> **What this task involves**:
When you reach the line containing "Crafted with Japanese" in the records below, start copying exactly, and stop once you have copied the line containing "For boards larger".

> **Source data**:
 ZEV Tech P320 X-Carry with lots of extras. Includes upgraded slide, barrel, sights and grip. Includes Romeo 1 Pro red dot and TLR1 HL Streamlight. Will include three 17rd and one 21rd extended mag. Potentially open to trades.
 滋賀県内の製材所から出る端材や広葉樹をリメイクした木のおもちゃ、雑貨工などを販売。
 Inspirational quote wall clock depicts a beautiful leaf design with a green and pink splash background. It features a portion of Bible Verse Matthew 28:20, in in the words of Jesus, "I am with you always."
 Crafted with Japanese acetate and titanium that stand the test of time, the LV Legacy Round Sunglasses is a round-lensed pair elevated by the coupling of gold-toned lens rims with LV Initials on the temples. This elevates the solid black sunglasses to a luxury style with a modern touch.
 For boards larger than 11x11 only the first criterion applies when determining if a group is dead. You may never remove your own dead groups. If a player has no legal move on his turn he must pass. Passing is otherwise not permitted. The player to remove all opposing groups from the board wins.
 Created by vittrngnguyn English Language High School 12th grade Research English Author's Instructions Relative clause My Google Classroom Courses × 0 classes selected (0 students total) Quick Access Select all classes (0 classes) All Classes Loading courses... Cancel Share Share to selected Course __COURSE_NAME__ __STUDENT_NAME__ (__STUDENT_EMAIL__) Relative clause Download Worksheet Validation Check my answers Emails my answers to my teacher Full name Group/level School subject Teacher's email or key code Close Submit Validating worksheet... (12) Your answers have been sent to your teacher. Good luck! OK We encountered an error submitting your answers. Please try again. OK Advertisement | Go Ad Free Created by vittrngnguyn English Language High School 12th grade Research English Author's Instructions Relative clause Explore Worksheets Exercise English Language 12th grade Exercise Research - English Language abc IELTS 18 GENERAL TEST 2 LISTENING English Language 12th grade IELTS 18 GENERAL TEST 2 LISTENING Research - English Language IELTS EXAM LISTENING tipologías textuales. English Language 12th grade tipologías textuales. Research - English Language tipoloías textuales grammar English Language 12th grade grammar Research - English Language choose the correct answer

==

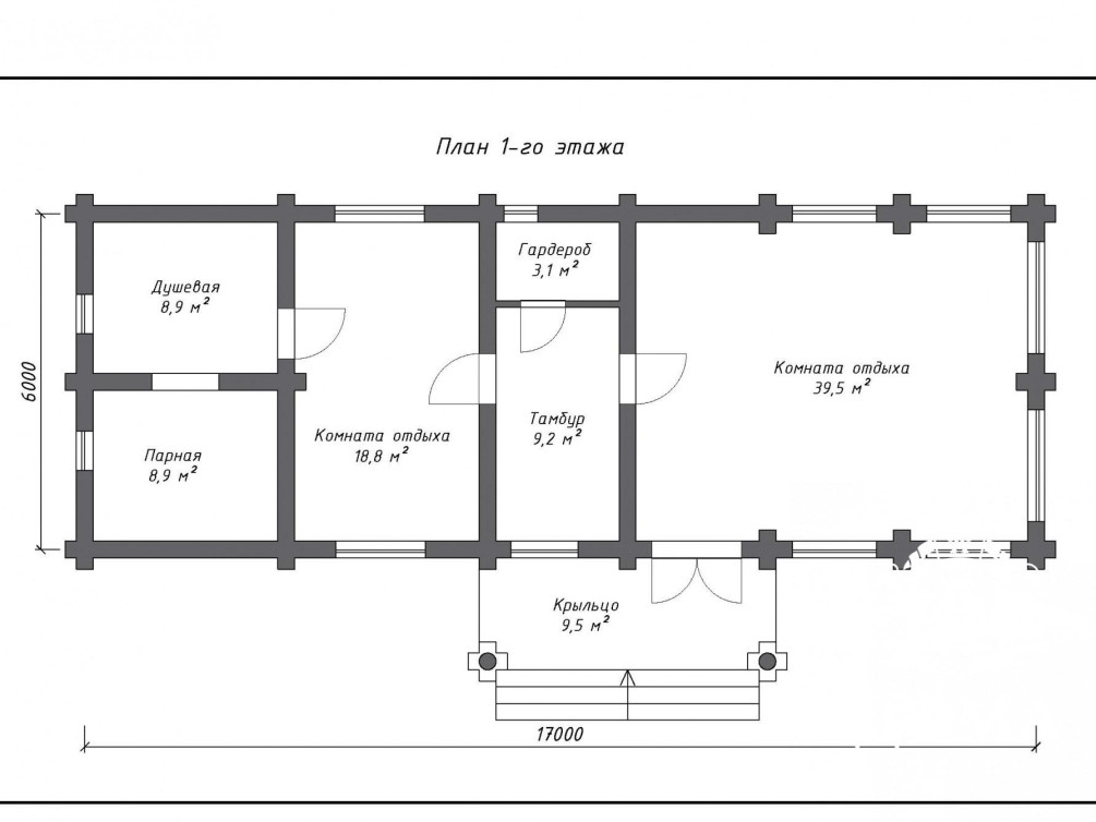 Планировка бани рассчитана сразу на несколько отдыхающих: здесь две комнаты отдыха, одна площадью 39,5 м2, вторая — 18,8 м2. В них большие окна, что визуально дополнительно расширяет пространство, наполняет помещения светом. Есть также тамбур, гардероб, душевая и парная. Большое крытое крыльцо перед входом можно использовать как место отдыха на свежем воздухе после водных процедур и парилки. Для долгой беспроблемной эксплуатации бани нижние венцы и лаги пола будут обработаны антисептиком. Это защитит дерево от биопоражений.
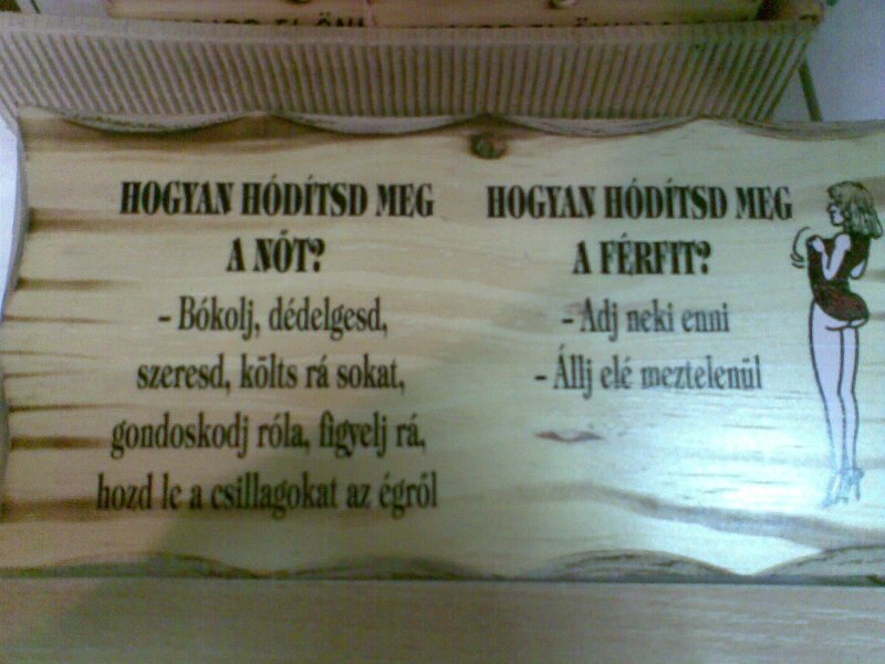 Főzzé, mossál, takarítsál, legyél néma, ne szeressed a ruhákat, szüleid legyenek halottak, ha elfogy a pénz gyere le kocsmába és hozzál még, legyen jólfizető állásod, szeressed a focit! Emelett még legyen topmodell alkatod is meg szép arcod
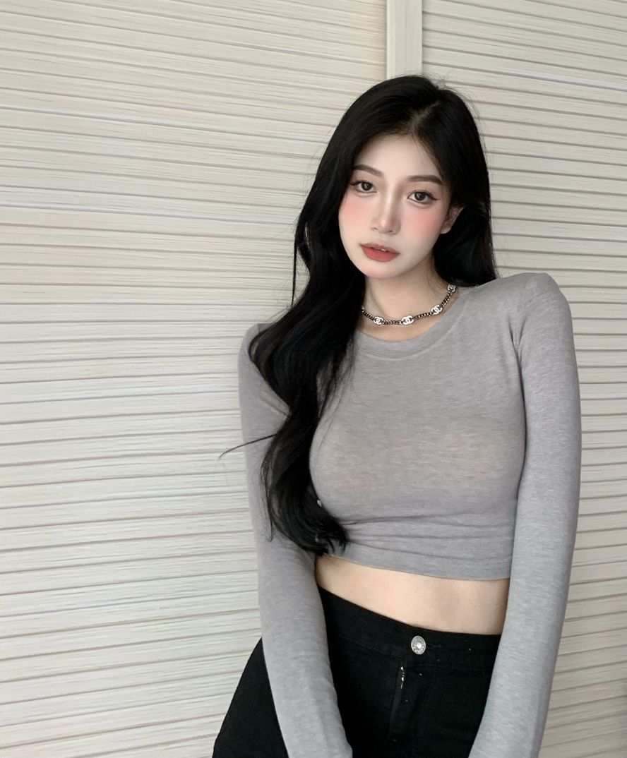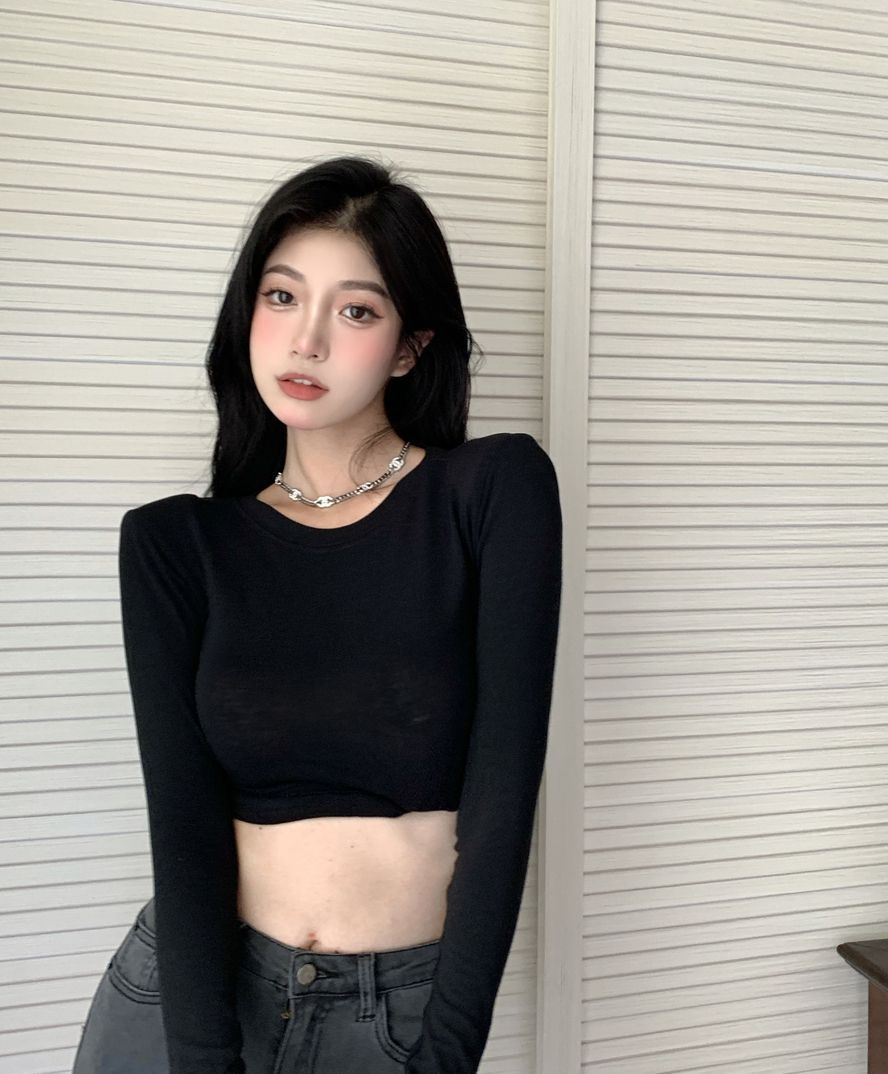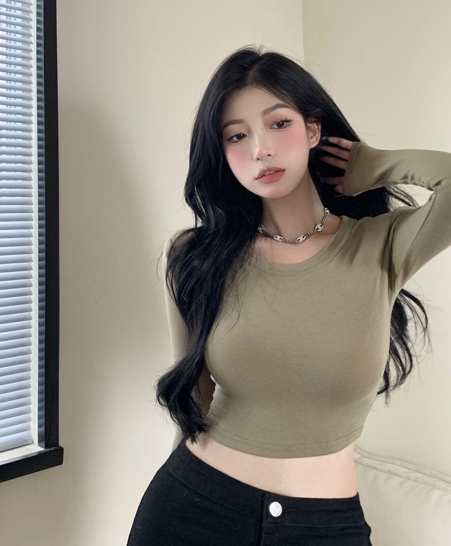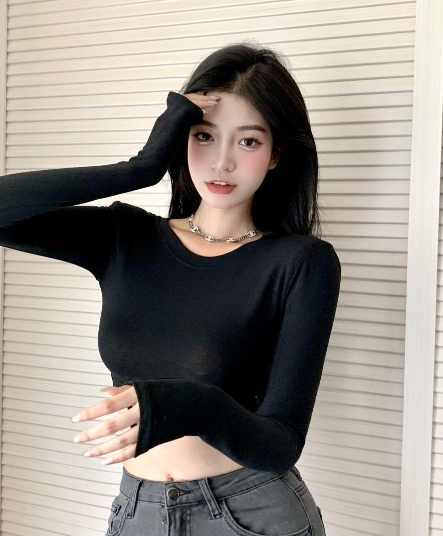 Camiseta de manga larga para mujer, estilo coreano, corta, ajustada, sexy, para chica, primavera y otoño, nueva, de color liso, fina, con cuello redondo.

> **Exercise output**:
 Crafted with Japanese acetate and titanium that stand the test of time, the LV Legacy Round Sunglasses is a round-lensed pair elevated by the coupling of gold-toned lens rims with LV Initials on the temples. This elevates the solid black sunglasses to a luxury style with a modern touch.
 For boards larger than 11x11 only the first criterion applies when determining if a group is dead. You may never remove your own dead groups. If a player has no legal move on his turn he must pass. Passing is otherwise not permitted. The player to remove all opposing groups from the board wins.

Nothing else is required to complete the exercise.